Ich wollte gerade auf die Klingel drücken, als mir etwas auffiel. Die Tür war nur angelehnt. War seine Mom vielleicht gerade nach Hause gekommen? Ich blickte mich um, konnte aber nirgends ein Auto entdecken. Nein, sie war vermutlich noch arbeiten. Also stieß ich leicht gegen die Tür. Sie schwang nach innen auf. Millionen Gedanken schwirrten mir wie verirrte Fliegen durch den Kopf und ich malte mir schon Horrorszenarien aus, wie ich gleich über Alecs blutverschmierte Leiche stolpern würde. Oh Gott, mir kam die Szene aus „The Mentalist" in den Sinn, in der dieser Typ seine Frau und sein Kind tot auffindet. Ich erschauderte kurz und ertappte mich dabei, die Wände nach Blutsmileys abzusuchen. Dann schüttelte ich energisch den Kopf.

Reiß dich mal zusammen!, herrschte ich mich selbst an. Du wirst ja wohl noch Alecs Haus betreten können ohne dir dabei in die Hosen zu machen! Idiotin!

Ich trat vorsichtig über die Schwelle ins Haus, als erwartete ich, dass sich ein bewaffneter Maskierter aus irgendeiner Ecke auf mich stürzte. Ich hielt den Atem an. 10 Sekunden vergingen. 20. Nichts passierte. Ich atmete aus. Gott, war ich paranoid. Ich hatte definitiv zu viele schlechte Filme gesehen.

Das Wohnzimmer lag direkt neben der großzügigen Eingangshalle mit Treppe, in der ich gerade stand und so marschierte ich schnurstracks auf die Tür zu. Schließlich hatte die Haustür offen gestanden. Als ich direkt vor der verschlossenen Wohnzimmertür stand, hörte ich Musik. Irgendetwas Rockiges, Aggressives. Bevor sich die Panik wieder in meinem Kopf breitmachen konnte und ich rückwärts das Haus verlassen konnte, öffnete ich lieber die Tür und trat ein.
Das Zimmer war ein absolutes Chaos. Ich war bei Weitem kein ordentlicher Mensch, aber das war sogar für meine Verhältnisse zu krass. Überall lagen Kissen auf dem Boden herum, DVD-Hüllen und leere Gläser. Immerhin sah ich keinen der obligatorischen, vor sich hingammelnden Pizzakartons. Er hatte sich also nicht völlig gehen lassen.

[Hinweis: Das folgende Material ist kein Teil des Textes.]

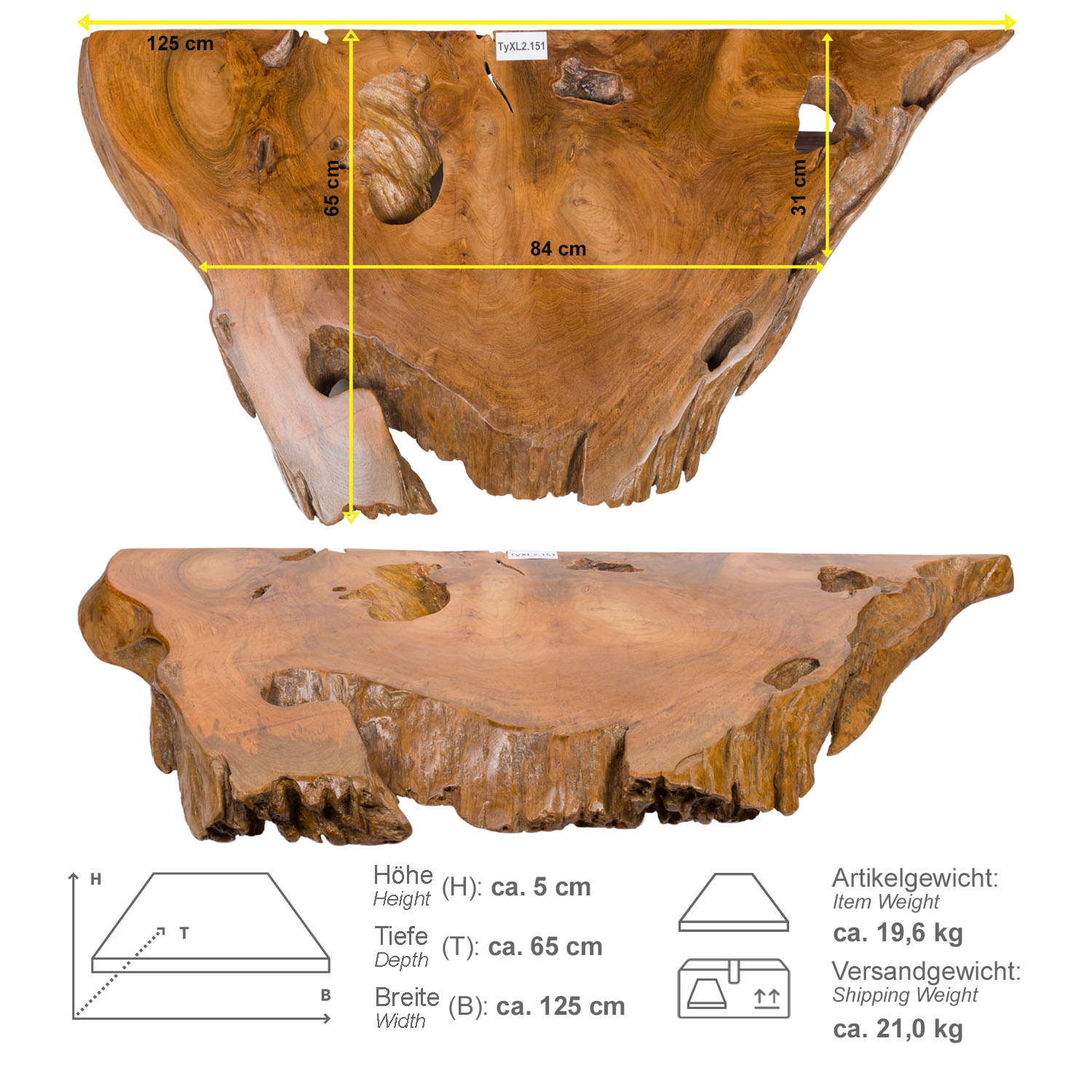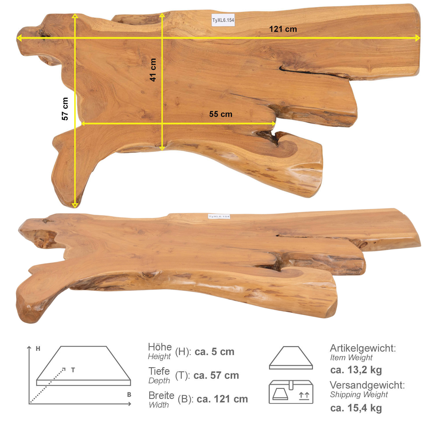 Teak Holz Waschtischplatte LYLAC Gr. XL ab 120 cm braun lasiert
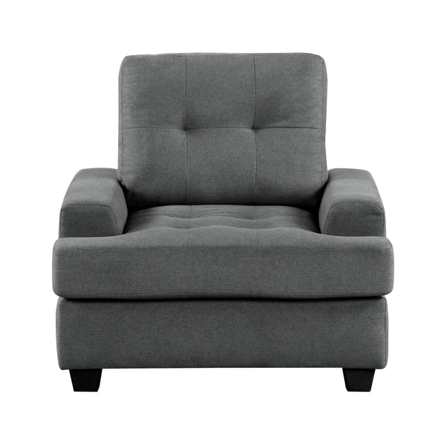 With the dunstan collection, the practicality of being able to arrange your preferred seating group in accordance with the dimensions of the room at your disposal is a fact. the chair has a transitional design that works well in a variety of different decorative settings. the stylish versatility of the chair will compliment the atmosphere of your room. the dunstan collection features upholstered pieces that are wrapped in a dark gray fabric, making them the ideal canvas for the decorative motif of your house.
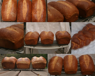 Multigrain Bread Extraordinare, I also launched three batches of white bread. Wanting to ensure lofty loaves, I multiplied Peter's measures by 1.5 (except the egg) and I was well pleased in the resulting loaves. Having only 4 bread pans on hand, I braided a loaf from both variation 2 and 3. I sliced up a bunch of pieces so no one could distinguish the breads and then taste tested them on the family.
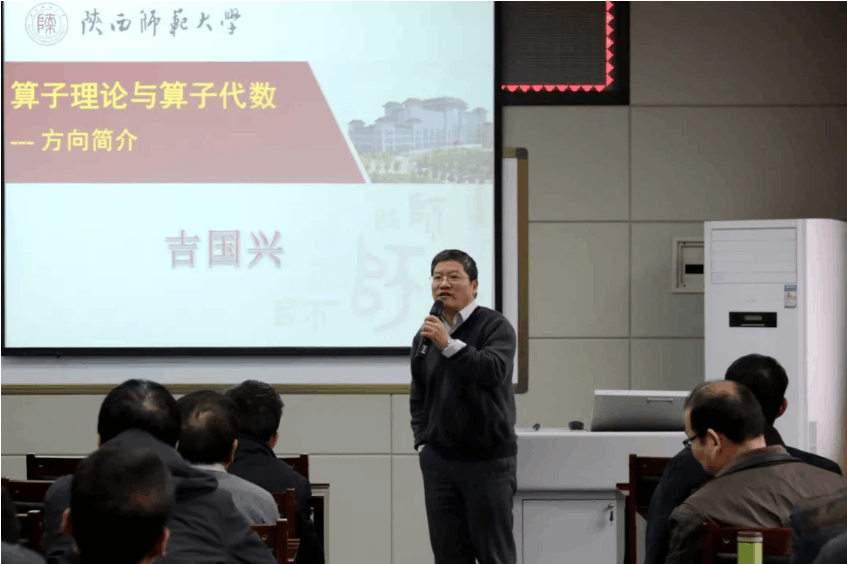 第一阶段报告会由李建林教授主持,吴建华教授与吉国兴教授作学术报告。吴建华教授通过分享偏微分方程的研究成果与研究经验,从偏微分方程方向发展的历史可看出团队建设对公司发展和研究团队发展的重要性。他表示学科成长是个漫长而艰辛的过程,希望各位老师能不断提升自己,长期坚持参加公司的讨论班,从中得到收获。吉国兴教授首先介绍了公司算子理论与算子代数方向的发展历史,公司算子理论方向在杜鸿科教授的带领下,取得累累硕果,多位教师主持国家基金项目。最后与各位教师分享了自己关于投影问题的研究成果。

Und dann sah ich ihn. Er saß auf dem Sofa, eine halb leere Whiskey-Flasche in der Hand, das Hemd halb offen und starrte die Wand an. Als er mich hörte, drehte er den Kopf, schaute mich an und schnaubte nur.

„Wa-was ist hier los?", fragte ich völlig entgeistert.

„Ich feier ne kleine Party mit mir selbst.", gab Alec ironisch zurück und prostete mir zu.

Ich schwieg und stieg über ein Kissen hinweg auf die Couch zu. Dort ließ ich mich neben Alec fallen und sagte: „Krieg ich auch nen Schluck?"

Er schnaubte wieder und reichte mir die Flasche. Ich setzte sie an die Lippen und trank einen Schluck. Verdammt, war das Zeug scharf! Beinahe hätte ich alles wieder ausgespuckt. Doch bevor ich weiter darüber nachdenken konnte, brach Alec das Schweigen und sagte: „Mein Vater war hier."